What Is Asset Management?
The practice of increasing total wealth over time by acquiring, maintaining, and trading investments with the potential to grow in value is known as asset management. This is a service provided by asset management professionals to others. Portfolio managers and financial advisors are other names for them. Many work for themselves, while others work for a bank or other financial institution. Click here and gain knowledge about marginal cost.
Key Takeaways
- The goal of asset management is to maximize the value of an investment portfolio over time while minimizing risk
- Financial institutions that cater to high-net-worth individuals, government entities, corporations, and institutional investors such as colleges and pension funds provide asset management as a service
- Asset managers are held to fiduciary standards. They make decisions on behalf of their clients and must act in good faith.
Understanding Asset Management
Asset management has two objectives: increasing value while mitigating risk. That is, the client’s risk tolerance is the first question to be asked. A retiree living off of a portfolio’s income, or a pension fund administrator overseeing retirement funds, is (or should be) risk-averse. A young person, or anyone who is daring, may want to dabble in high-risk investments.
Most of us fall somewhere in the middle, and asset managers try to figure out where that is for their clients.
The asset manager’s role is to decide which investments to make or avoid in order to achieve the client’s financial goals while staying within the client’s risk tolerance. Among the more well-known investments are stocks, bonds, real estate, commodities, alternative investments, and mutual funds.
The asset manager is expected to conduct extensive research using macro and microanalytical tools.
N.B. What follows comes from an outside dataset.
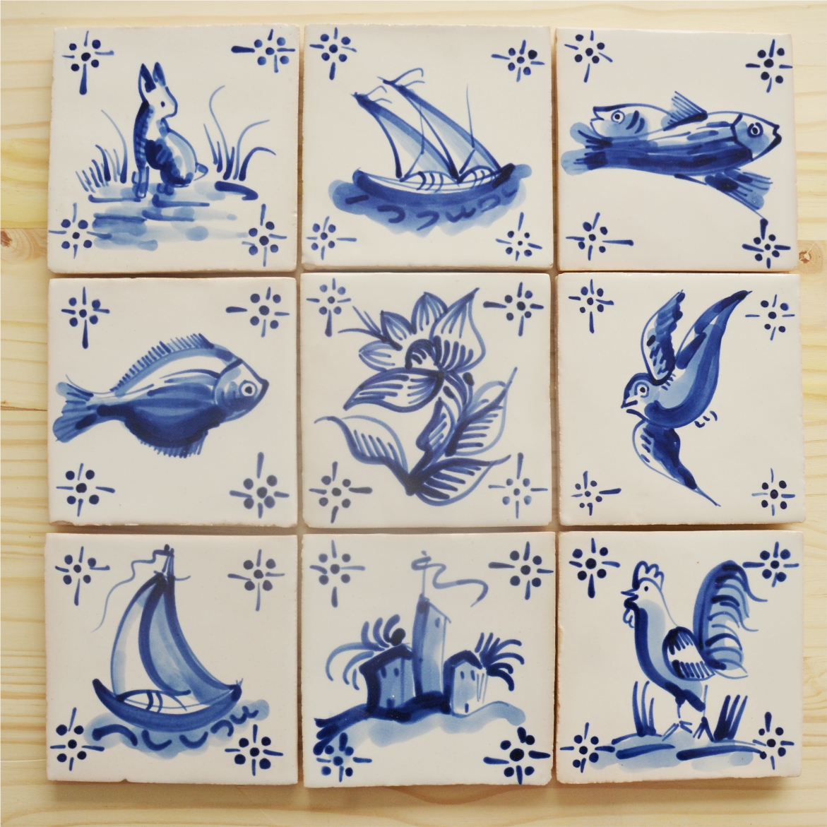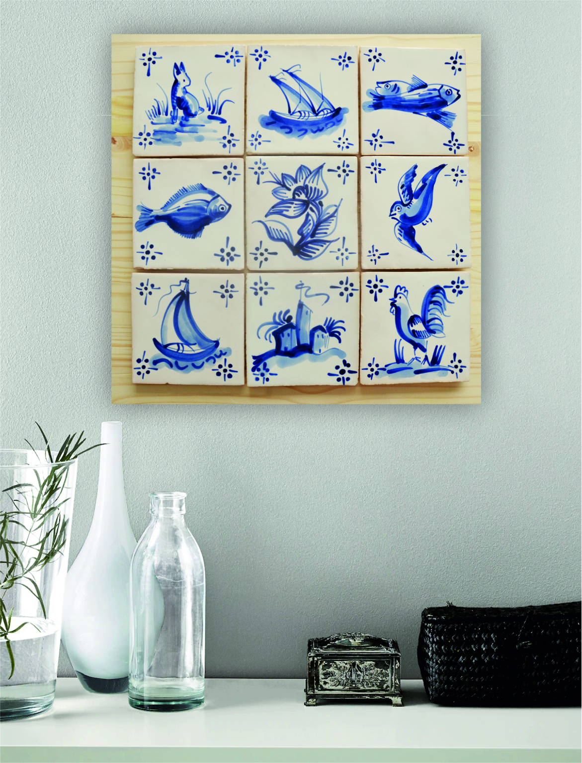 Tile mural composition of 9 replica tiles of 18th century
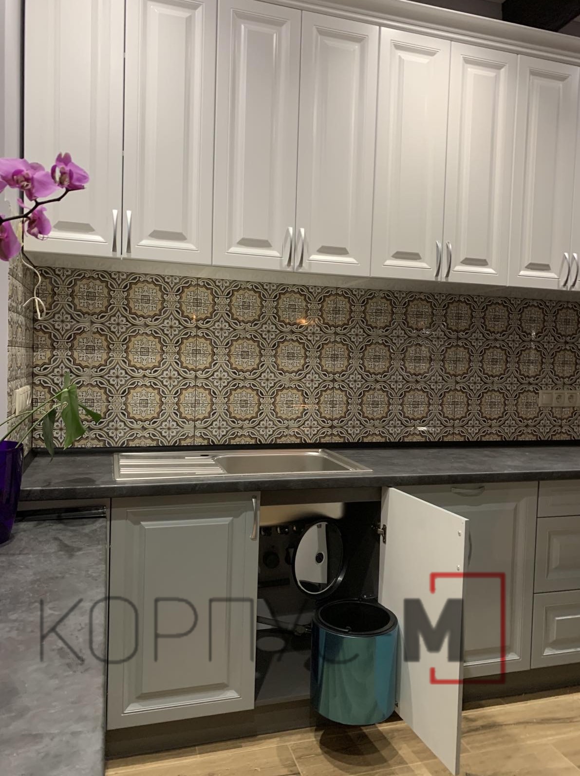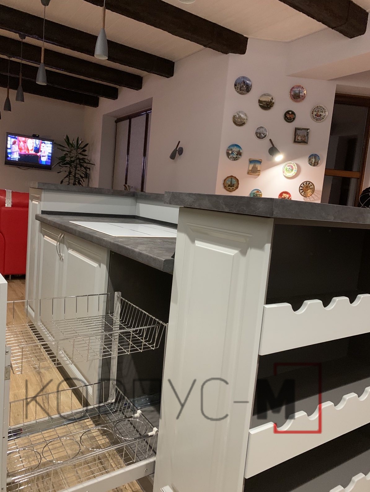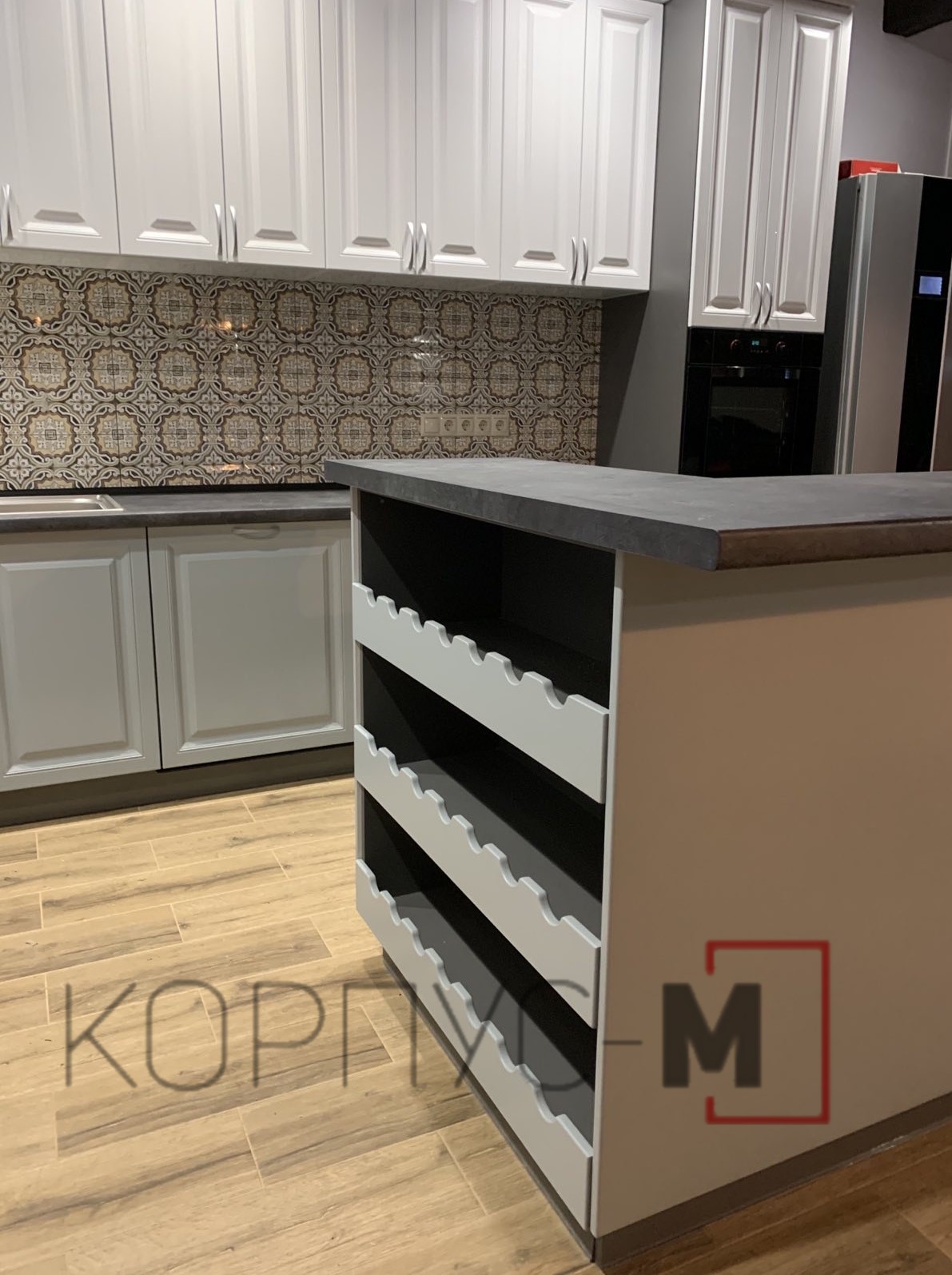 Кухня «Мелані», фарбовані фасади. Стільницю «Селена» виробництва Люксформ, використано, як для острова, так і для підвіконня. Завдяки цьому виріб гармонійно поєднується в одну композицію, підкреслює завершеність стилю та збагачує кухню.

This includes statistical analysis of current market trends, audits of corporate financial documents, and anything else that will help the stated goal of client asset appreciation.
How Asset Management Companies Work
Asset management firms compete for the business of serving the investment needs of high-net-worth individuals and institutions.
Check-writing privileges, credit cards, debit cards, margin loans, and brokerage services are frequently included in accounts held by financial institutions.
When people deposit money into their accounts, it is typically invested in a money market fund. Which provides a higher return than a regular savings account. Account-holders can choose between FDIC-backed funds and non-FDIC-backed funds.
Account-holders benefit from the fact that all of their banking and investing needs can be met by the same institution.
These types of accounts have only been possible since the Gramm-Leach-Bliley Act, which replaced the Glass-Steagall Act in 1999.
During the Great Depression, the Glass-Steagall Act of 1933 required a separation of banking and investing services. They only have to maintain a “Chinese wall” between divisions now.
How Does an Asset Management Company Differ From a Brokerage?
Asset management firms are fiduciary businesses. That is, their clients delegate discretionary trading authority over their accounts to them, and they are legally obligated to act in good faith on their behalf.
Before executing a trade, brokers must obtain the client’s permission. (Online brokers allow their customers to make their own trading decisions and initiate their own trades.)